=== DATA SHOWN ===

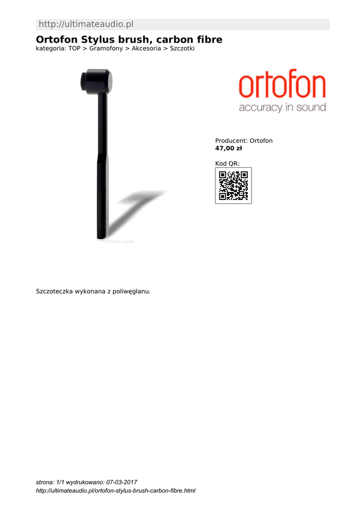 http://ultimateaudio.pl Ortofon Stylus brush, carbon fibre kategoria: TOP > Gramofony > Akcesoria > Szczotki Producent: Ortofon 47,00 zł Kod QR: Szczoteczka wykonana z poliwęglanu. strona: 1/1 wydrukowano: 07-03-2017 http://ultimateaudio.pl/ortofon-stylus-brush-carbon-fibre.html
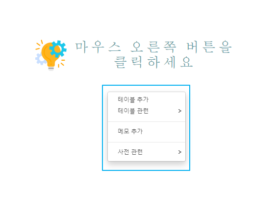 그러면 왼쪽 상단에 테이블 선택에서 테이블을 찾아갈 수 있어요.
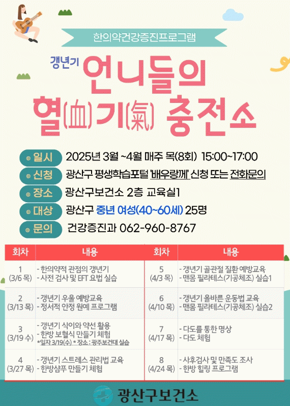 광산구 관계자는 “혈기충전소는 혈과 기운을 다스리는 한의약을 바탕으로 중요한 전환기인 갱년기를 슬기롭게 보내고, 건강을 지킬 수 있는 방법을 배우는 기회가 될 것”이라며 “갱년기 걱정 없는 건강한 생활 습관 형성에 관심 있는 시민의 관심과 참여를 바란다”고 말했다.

===

ACTION ITEM
Omitting all pictures, retype exactly the lines from the line containing "그러면 왼쪽 상단에 테이블 선택에서 테이블을 찾아갈 수 있어요." down to the last line above, both ends included.

RESPONSE
 그러면 왼쪽 상단에 테이블 선택에서 테이블을 찾아갈 수 있어요.
 광산구 관계자는 “혈기충전소는 혈과 기운을 다스리는 한의약을 바탕으로 중요한 전환기인 갱년기를 슬기롭게 보내고, 건강을 지킬 수 있는 방법을 배우는 기회가 될 것”이라며 “갱년기 걱정 없는 건강한 생활 습관 형성에 관심 있는 시민의 관심과 참여를 바란다”고 말했다.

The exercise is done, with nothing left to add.